> WHAT IS REQUIRED:
When the line containing "3月5日下午,全國政協委員、" appears in the data below, begin copying there and stop only after the line containing "各项复试成绩均合格的,按报考".

> RECORDS FOR PROCESSING:
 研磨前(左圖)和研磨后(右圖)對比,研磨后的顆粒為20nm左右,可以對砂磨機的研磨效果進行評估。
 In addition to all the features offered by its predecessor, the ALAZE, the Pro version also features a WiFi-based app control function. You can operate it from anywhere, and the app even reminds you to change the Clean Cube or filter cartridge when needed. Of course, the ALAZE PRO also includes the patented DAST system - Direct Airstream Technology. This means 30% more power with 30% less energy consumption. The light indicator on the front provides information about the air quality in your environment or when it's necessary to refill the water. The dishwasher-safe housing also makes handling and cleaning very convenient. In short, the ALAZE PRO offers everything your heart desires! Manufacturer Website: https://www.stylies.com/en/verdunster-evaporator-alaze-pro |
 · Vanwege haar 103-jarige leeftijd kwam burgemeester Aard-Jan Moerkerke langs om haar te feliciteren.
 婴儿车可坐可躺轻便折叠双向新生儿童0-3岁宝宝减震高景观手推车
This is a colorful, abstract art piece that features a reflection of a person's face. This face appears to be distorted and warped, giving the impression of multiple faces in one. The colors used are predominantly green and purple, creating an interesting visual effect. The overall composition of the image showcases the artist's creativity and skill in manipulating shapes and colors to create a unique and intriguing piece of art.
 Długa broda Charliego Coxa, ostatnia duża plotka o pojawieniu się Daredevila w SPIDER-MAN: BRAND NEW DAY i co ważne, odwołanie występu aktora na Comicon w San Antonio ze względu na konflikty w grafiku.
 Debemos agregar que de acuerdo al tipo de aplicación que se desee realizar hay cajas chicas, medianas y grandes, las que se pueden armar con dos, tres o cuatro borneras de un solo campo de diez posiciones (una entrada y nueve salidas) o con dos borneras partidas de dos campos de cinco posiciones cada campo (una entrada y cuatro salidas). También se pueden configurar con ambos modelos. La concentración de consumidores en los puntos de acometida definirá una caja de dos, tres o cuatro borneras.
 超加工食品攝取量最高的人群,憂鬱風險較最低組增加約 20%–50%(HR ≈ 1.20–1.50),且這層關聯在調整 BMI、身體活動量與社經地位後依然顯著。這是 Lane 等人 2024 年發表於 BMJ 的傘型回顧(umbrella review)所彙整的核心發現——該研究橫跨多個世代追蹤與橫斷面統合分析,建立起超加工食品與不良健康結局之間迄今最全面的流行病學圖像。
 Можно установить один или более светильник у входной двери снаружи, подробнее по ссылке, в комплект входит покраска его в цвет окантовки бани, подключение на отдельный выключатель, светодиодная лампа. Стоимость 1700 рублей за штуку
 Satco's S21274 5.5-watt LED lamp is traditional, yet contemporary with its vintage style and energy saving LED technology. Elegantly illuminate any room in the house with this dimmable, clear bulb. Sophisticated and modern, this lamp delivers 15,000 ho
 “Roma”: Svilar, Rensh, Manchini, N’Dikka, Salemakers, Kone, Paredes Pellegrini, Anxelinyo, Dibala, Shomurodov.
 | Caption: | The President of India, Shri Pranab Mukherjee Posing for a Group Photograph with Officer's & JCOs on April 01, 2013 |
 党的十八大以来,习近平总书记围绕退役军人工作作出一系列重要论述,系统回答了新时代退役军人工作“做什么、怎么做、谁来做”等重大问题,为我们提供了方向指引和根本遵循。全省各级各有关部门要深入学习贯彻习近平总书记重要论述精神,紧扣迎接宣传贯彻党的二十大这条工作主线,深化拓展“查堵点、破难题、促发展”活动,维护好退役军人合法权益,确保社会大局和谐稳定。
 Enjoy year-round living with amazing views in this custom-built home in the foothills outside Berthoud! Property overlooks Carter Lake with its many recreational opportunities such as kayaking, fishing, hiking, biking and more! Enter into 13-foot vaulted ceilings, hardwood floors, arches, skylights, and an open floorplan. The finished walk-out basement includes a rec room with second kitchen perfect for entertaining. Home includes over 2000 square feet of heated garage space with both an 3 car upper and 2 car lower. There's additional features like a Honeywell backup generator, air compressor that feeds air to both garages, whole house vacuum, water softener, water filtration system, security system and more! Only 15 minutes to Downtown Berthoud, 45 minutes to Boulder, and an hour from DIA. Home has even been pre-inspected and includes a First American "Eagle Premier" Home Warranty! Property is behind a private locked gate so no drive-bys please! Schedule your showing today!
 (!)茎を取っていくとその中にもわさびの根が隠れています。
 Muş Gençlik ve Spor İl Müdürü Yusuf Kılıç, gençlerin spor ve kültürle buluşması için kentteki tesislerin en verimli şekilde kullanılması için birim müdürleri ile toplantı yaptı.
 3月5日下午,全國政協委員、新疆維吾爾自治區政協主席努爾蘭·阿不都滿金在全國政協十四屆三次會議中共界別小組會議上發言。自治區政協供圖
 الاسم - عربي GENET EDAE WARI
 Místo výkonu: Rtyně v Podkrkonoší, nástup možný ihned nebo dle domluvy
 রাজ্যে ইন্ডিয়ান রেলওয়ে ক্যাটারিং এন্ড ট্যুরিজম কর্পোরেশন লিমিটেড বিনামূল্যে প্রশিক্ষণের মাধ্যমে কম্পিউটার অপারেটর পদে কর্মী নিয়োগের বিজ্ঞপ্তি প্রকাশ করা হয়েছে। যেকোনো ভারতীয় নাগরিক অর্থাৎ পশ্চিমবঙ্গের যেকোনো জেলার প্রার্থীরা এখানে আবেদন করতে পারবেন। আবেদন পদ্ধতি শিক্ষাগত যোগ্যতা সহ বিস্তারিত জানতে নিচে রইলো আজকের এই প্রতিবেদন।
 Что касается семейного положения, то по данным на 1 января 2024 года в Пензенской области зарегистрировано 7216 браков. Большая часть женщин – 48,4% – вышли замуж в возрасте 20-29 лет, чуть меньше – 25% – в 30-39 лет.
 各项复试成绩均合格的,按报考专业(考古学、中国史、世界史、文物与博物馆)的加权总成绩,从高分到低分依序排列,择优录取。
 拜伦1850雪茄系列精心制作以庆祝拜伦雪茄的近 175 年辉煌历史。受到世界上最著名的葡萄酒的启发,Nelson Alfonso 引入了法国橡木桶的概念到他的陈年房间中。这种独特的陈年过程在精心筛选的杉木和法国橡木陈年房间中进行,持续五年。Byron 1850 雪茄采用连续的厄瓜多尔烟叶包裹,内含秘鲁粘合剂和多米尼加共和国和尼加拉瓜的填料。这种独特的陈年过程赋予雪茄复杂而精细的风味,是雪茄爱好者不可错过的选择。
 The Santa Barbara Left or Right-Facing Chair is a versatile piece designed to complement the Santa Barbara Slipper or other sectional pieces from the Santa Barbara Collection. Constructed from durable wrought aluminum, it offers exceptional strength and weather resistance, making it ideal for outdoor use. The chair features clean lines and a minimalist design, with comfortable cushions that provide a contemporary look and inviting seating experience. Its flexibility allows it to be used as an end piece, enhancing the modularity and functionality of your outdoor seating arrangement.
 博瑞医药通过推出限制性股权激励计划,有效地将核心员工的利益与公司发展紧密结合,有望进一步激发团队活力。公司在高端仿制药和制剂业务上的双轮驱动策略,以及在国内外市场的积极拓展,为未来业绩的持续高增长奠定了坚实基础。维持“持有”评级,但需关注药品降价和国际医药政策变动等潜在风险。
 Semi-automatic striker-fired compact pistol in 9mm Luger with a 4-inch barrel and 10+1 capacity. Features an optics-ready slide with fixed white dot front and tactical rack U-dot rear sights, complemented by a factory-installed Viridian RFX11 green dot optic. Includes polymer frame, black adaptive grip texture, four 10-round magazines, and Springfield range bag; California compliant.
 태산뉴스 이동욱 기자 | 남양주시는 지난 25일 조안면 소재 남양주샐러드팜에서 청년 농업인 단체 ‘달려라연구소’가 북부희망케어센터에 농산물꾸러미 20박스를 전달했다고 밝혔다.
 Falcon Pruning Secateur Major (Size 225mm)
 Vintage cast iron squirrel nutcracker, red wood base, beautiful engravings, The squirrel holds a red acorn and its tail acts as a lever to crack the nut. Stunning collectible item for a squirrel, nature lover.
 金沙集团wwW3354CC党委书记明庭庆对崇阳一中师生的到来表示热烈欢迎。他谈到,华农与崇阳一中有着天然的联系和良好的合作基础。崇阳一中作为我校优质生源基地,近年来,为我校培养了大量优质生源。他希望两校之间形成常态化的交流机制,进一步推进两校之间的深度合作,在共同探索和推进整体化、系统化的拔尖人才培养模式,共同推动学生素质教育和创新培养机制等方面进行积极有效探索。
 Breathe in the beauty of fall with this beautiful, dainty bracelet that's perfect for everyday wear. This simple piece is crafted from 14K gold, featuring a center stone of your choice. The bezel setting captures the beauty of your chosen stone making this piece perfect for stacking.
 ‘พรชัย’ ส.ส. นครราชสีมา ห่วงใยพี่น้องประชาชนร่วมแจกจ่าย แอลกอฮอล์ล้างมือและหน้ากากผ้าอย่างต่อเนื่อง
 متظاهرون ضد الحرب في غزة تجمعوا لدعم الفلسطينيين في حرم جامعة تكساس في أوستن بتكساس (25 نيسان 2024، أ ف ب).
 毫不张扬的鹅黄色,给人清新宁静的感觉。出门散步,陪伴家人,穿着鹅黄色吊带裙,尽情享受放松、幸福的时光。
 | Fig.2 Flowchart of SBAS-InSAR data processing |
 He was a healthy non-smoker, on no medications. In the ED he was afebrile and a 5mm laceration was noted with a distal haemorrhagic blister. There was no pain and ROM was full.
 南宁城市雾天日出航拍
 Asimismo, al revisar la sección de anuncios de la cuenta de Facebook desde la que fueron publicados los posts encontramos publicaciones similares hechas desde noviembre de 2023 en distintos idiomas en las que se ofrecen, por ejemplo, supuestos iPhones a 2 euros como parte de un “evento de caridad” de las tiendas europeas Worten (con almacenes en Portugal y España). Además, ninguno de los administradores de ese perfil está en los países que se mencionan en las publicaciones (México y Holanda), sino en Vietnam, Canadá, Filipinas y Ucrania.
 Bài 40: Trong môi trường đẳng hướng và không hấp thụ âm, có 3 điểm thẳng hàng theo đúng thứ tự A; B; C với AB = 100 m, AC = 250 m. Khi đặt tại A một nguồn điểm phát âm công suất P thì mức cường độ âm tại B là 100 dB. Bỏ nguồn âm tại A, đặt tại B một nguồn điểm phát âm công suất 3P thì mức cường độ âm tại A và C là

> SOLVED EXERCISE:
 3月5日下午,全國政協委員、新疆維吾爾自治區政協主席努爾蘭·阿不都滿金在全國政協十四屆三次會議中共界別小組會議上發言。自治區政協供圖
 الاسم - عربي GENET EDAE WARI
 Místo výkonu: Rtyně v Podkrkonoší, nástup možný ihned nebo dle domluvy
 রাজ্যে ইন্ডিয়ান রেলওয়ে ক্যাটারিং এন্ড ট্যুরিজম কর্পোরেশন লিমিটেড বিনামূল্যে প্রশিক্ষণের মাধ্যমে কম্পিউটার অপারেটর পদে কর্মী নিয়োগের বিজ্ঞপ্তি প্রকাশ করা হয়েছে। যেকোনো ভারতীয় নাগরিক অর্থাৎ পশ্চিমবঙ্গের যেকোনো জেলার প্রার্থীরা এখানে আবেদন করতে পারবেন। আবেদন পদ্ধতি শিক্ষাগত যোগ্যতা সহ বিস্তারিত জানতে নিচে রইলো আজকের এই প্রতিবেদন।
 Что касается семейного положения, то по данным на 1 января 2024 года в Пензенской области зарегистрировано 7216 браков. Большая часть женщин – 48,4% – вышли замуж в возрасте 20-29 лет, чуть меньше – 25% – в 30-39 лет.
 各项复试成绩均合格的,按报考专业(考古学、中国史、世界史、文物与博物馆)的加权总成绩,从高分到低分依序排列,择优录取。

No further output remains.